Judge gets 13th briefing on RI pension suit talks; returning Fri.

The judge overseeing a union lawsuit challenging Rhode Island’s 2011 pension overhaul got another progress report on Monday about the progress of their court-ordered mediation talks – but it’s not the only update she’s set to receive from them this week.

Attorneys on both sides of the suit met this morning with R.I. Superior Court Judge Sarah Taft-Carter, court spokesman Craig Berke said. Taft-Carter ordered the state and the unions into a formal, closed-door mediation process overseen by the Federal Mediation and Conciliation Service in December 2012.

Berke said Taft-Carter scheduled another status conference for Friday at 9 a.m. in Kent County Superior Court – the first time since the talks began that she asked to receive two updates in one week. The scheduling move will likely add more fuel to speculation that the two sides are getting closer to a deal.

Monday’s status conference was the 13th one the two sides have held since last winter. The previous ones were on Dec. 9, Nov. 21, Nov. 12, Oct. 28, Sept. 30, Sept. 5, Aug. 6, May 17, April 22, March 25, Feb. 28 and Feb. 1. Monday’s meeting was originally scheduled for Friday but was delayed by the nor’easter.

• Related: RI lawmakers worried about secret talks to rewrite pension law (Oct. 15)

7 thoughts on “Judge gets 13th briefing on RI pension suit talks; returning Fri.

  1. Interesting to see Fox and Paiva-Weed coming out strongly against mediation. Judge Taf-Carter has failed Rhode Island. I have been saying all along that this needs to be adjudicated. Then the loser can appeal and pension reform can get before the Supreme Court where it belongs. Whatever the outcome, we will be better off.
    How can you expect a negotiated settlement to hold when the general assembly isn’t involved. If GA leadership was in the room it may have made a difference. I believe the people of RI deserve settled law.

  2. In 2012, I received $652 a month from my pension. In 2013, I received $632 a month from my pension. This year, I will receive $618 a month from my pension. I worked for promised benefits that are no longer there. As the health care expenses keep going up yearly and will probably continue to go up, where does that leave me?

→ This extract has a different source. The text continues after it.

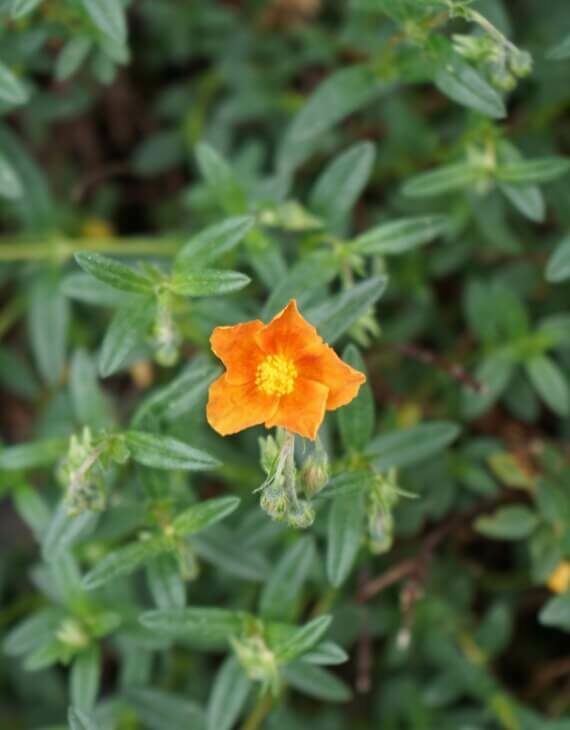 Le Helianthemum ‘Bronzeteppich’ forme rapidement un tapis dense et étalé de tiges rampantes portant un feuillage étroit, gris-vert à reflets cuivrés. Son nom, signifiant littéralement « tapis de bronze », traduit parfaitement l’aspect décoratif de son feuillage toute l’année, même en hiver dans les climats doux.
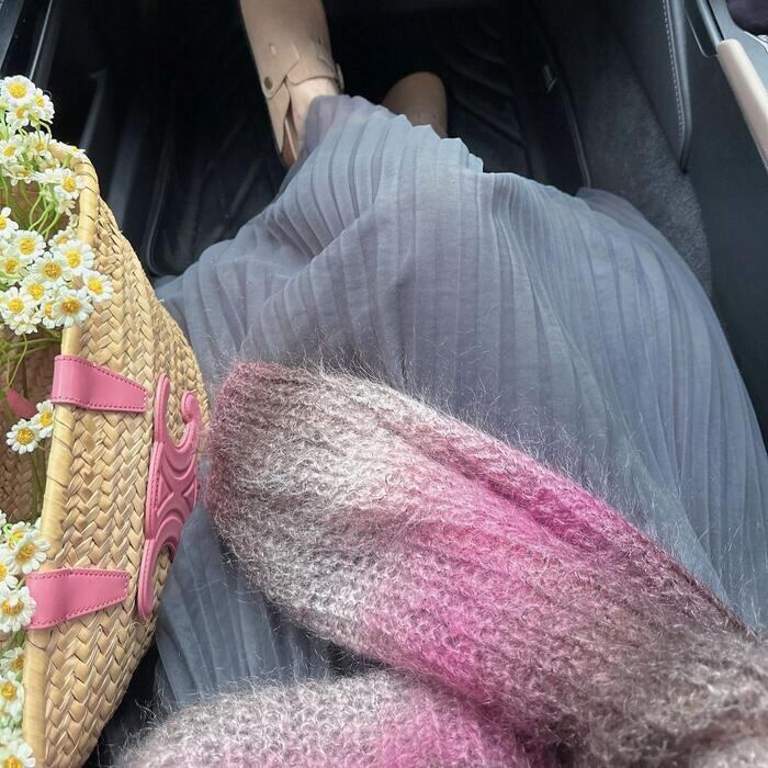 デニムやなどのシンプルなボトムスと合わせるだけで、ニットの華やかさが引き立ちます。

If I was not married and did not also have my husband’s social security, where would that leave me? Where does it leave one income households?

    • Where does it leave one income households? Out in the cold. Promised benefits are what retirees based their retirement on…its called retirement planning…so much for that…it crumbled with the pension reform that should have never been able to affect contractual benefits especially for those who were already retired. but when it is all said and done no good will come of with these court-ordered mediation talks, our contractual rights should never have been violated and they were. It’s politics as usual especially when the unions and the state get in bed together and that’s why the judge ordered it. She knows how the system works in RI and it takes the heat off her to make a correct decision. A dog never bites the hand that feeds it. Judges were exempt from a lot of the pension reform.

  3. With all due respect Theresa how old are you 50? That’s the problem we know the amount is not much but many are retiring at 50 or 55.You should more angry that the judges and state police contribute nothing to their pension.

    • Stephen, so you have no idea how old she is, but you’ve decided she’s 50. But you have no clue. You’ve also decided ‘many’ retire at 50 or 55. Really? How ‘many’?? Or did you just make that up too. If you’ve got facts, let’s hear them. If not, dummy up….

  4. Actually, Theresa retired 7 years ago at the age of 63. Her modest pension speaks for itself. People like Stephen like to make
    generalizations to buttress their preconceived notions. Worse than the uninformed like Stepen, are the deliberately misleading
    individuals like the General Treasurer who exploited the general public and the general assembly knuckleheads that the sky was
    falling when long term more modest adjustments to the system could probably have accomplished the desired result of a sustainable retirement system. But that would not have served the right wing political agenda being pursued across the country by
    the billionaire supporters of Ms. Raimondo.

    • I retired in my 60s and now need a part time job because of pension reform. So much for retirement planning when they decide to change it on you AFTER you retire. Agree with you 100%.